What’s interesting about the survey is that we found [how] student loan impacts are really found across a broad spectrum. For example, if you look at the percent of Americans who delayed a major financial decision because of their debt, it’s about 70 percent beginning at age 18 and stays above 70 percent all the way up to age 38—the millenials are the biggest cross section to that at 73 percent.

It stays at 62 percent for Generation X, and then 50 percent at baby boomers, and 39 percent at 74 plus. It’s pretty substantial across the board.

Based on the survey, how has student loan debt affected millennials’ purchasing habits?

We know that there are some broad brushstroke assumptions being made about millennials: there are a number that prefer to live in urban environments, they prefer to use mass transit or avoid car ownership.

I also think the fact that they are—as our survey indicates—hamstrung by student loan debt, where many are having to delay things like purchasing a home, saving for retirement, saving for emergencies, buying or leasing a car, having a children or getting married—it shows that they are having to make some tough decisions about what their priorities are.


What generation is likely to own a vehicle and visit shops for service?

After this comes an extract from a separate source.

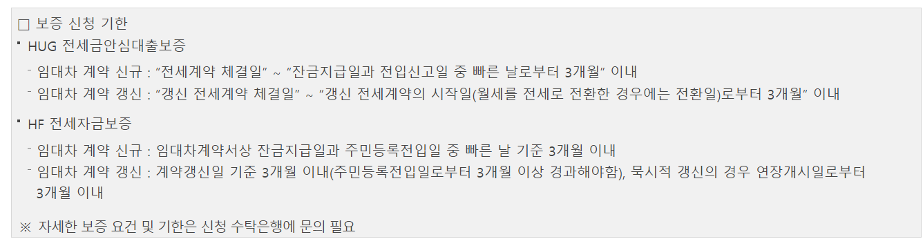 · 기금 전세자금 대출과 별도로 담보부 보증(HF, HUG 등)에 대해서도 보증 신청 기한 내 신청 완료해야 함

I would say to the degree that the older Americans are, at least up to a point, are more likely to own an automobile. We know that one path toward successful ownership of a vehicle is being at least diligent about performing appropriate maintenance.


Based off of your findings, what can shop owners learn about their customers’ financial needs today?

More recently when we did this survey, only 40 percent of the Americans told us they can cover a $1,000 emergency expense from savings. An example of an emergency expense is an unexpected $1,000 emergency expense such as a car repair or an emergency room visit.

Here we are a decade deep into the “economic expansion,” and we see these broad brushstroke statistics of the unemployment rate being low or how 200,000 jobs are being added a month, but yet, we still have this massive cross-section of the American public living paycheck-to-paycheck.

Even within the context of what’s being regarded as our strong economy, a $1,000 or more car repair will basically force people to have to borrow or take some other extraordinary means to accommodate that expense. That is a signal that probably these car owners are going to be very sensitive to costly repairs that go above their ability to take it out of savings.